Assignment:
Transcribe nothing except the lines below that run from the one with "台阶根据其用途可分为工作平台" to the one with "The Safety Main", ends included, and do not copy any picture.

Working data:
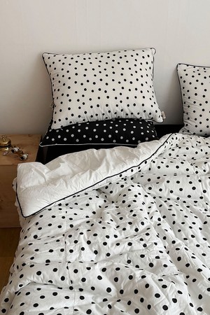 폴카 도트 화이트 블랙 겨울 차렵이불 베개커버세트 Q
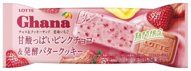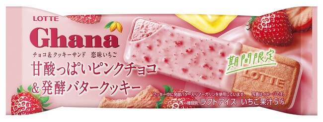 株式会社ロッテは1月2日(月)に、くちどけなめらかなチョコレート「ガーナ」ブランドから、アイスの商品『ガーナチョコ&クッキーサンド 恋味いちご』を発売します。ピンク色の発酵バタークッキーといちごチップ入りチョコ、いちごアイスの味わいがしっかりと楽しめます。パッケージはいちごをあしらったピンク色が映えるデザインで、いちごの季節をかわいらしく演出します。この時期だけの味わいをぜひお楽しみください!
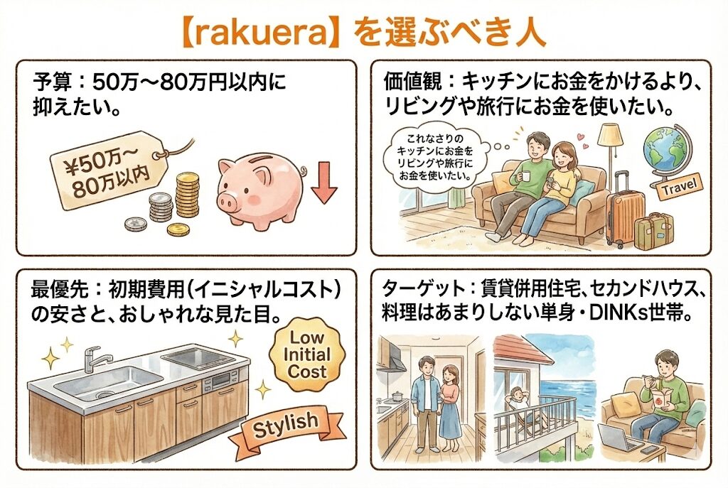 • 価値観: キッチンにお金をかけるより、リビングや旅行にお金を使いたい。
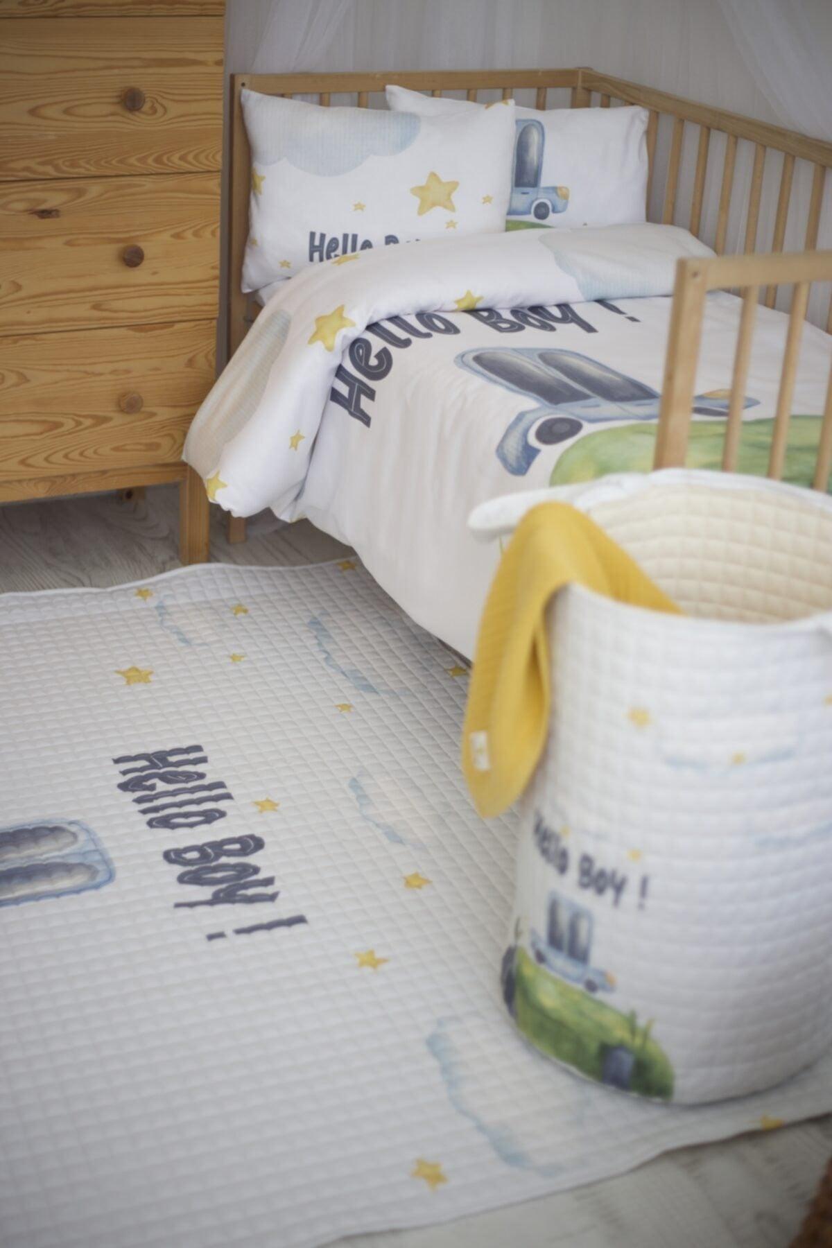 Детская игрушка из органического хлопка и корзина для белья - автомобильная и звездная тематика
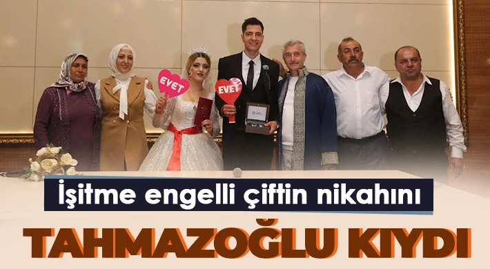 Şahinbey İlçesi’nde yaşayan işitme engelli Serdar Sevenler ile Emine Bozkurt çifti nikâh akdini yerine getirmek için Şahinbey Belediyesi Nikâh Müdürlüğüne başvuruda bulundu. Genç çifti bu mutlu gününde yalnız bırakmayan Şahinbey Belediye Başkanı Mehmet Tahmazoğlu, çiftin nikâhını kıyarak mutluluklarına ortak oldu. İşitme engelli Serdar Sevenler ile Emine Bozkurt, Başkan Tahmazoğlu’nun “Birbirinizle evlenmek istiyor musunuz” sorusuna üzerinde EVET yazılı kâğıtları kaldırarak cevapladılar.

* * *

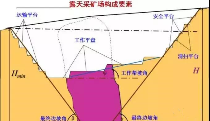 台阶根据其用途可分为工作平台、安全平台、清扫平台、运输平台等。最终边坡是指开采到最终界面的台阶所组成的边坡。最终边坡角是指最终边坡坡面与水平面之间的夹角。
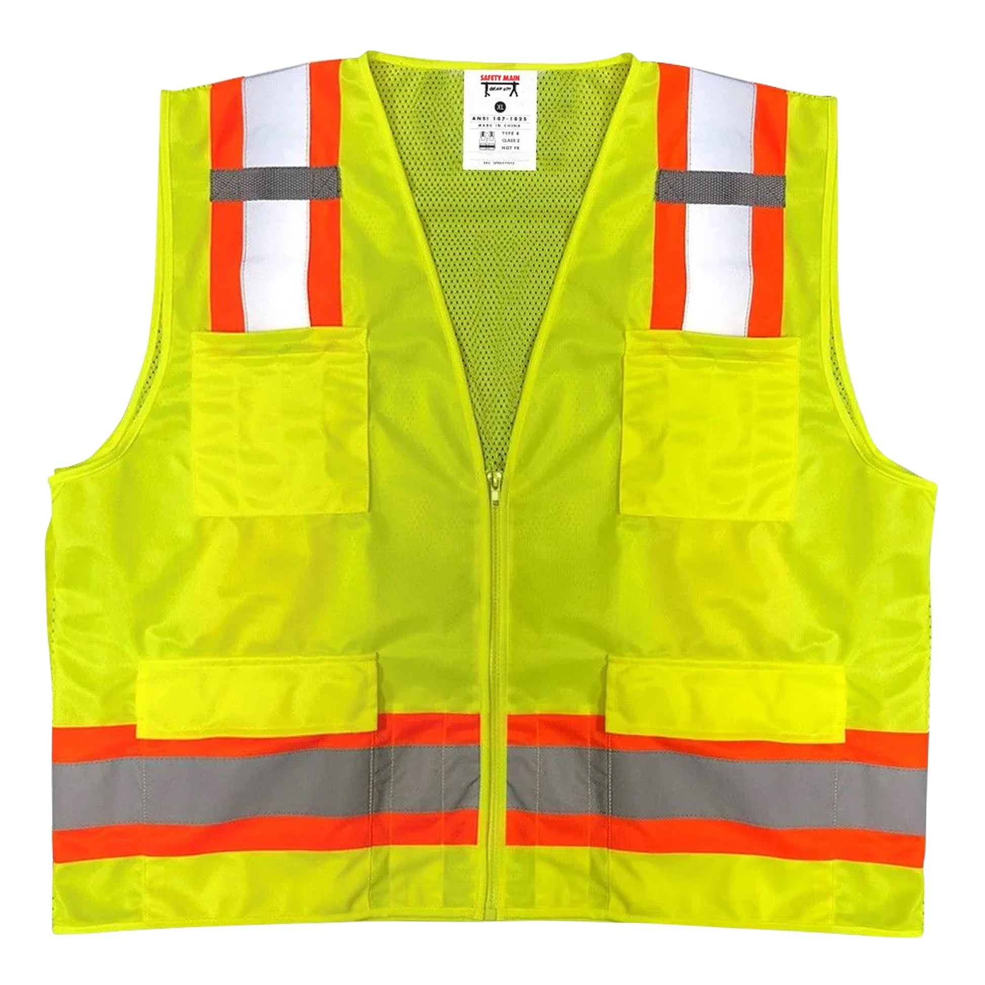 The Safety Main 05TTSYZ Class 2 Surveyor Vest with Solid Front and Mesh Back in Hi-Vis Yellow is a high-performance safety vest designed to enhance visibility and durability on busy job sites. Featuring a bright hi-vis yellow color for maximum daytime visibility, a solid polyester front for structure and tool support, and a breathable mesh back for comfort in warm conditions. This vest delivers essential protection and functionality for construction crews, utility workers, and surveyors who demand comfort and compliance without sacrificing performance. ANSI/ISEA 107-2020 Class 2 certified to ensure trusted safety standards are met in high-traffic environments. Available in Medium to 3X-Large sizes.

---

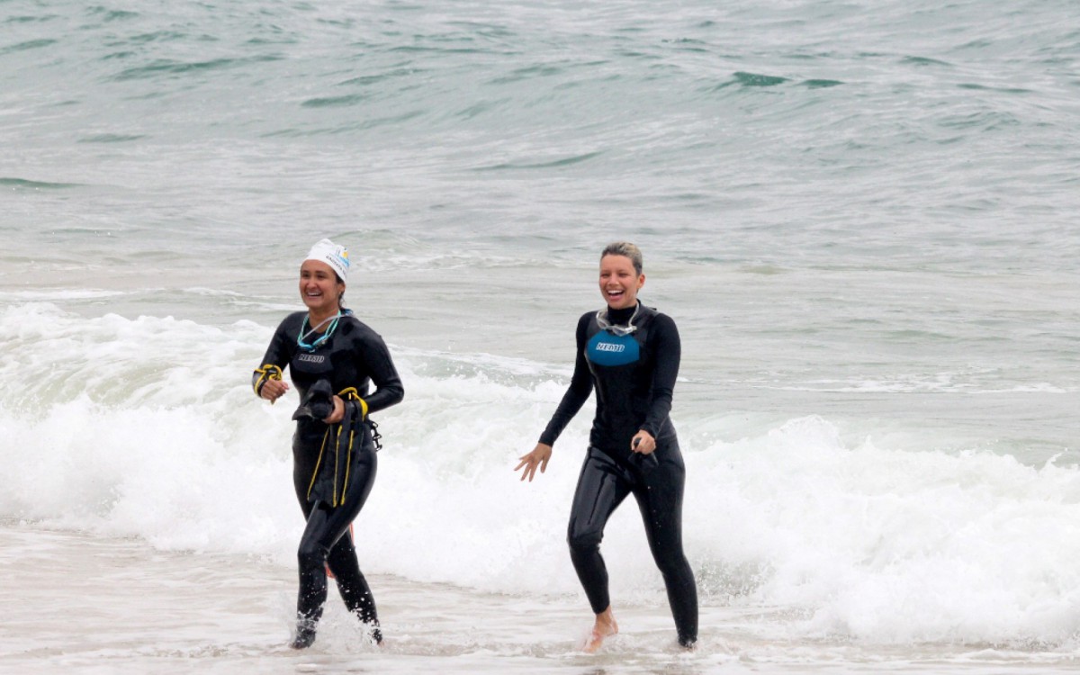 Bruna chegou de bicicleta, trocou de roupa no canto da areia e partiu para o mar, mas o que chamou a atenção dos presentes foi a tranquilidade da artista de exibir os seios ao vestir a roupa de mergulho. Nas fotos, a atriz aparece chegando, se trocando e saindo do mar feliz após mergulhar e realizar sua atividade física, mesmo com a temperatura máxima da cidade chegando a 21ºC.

Response to this task:
 台阶根据其用途可分为工作平台、安全平台、清扫平台、运输平台等。最终边坡是指开采到最终界面的台阶所组成的边坡。最终边坡角是指最终边坡坡面与水平面之间的夹角。
 The Safety Main 05TTSYZ Class 2 Surveyor Vest with Solid Front and Mesh Back in Hi-Vis Yellow is a high-performance safety vest designed to enhance visibility and durability on busy job sites. Featuring a bright hi-vis yellow color for maximum daytime visibility, a solid polyester front for structure and tool support, and a breathable mesh back for comfort in warm conditions. This vest delivers essential protection and functionality for construction crews, utility workers, and surveyors who demand comfort and compliance without sacrificing performance. ANSI/ISEA 107-2020 Class 2 certified to ensure trusted safety standards are met in high-traffic environments. Available in Medium to 3X-Large sizes.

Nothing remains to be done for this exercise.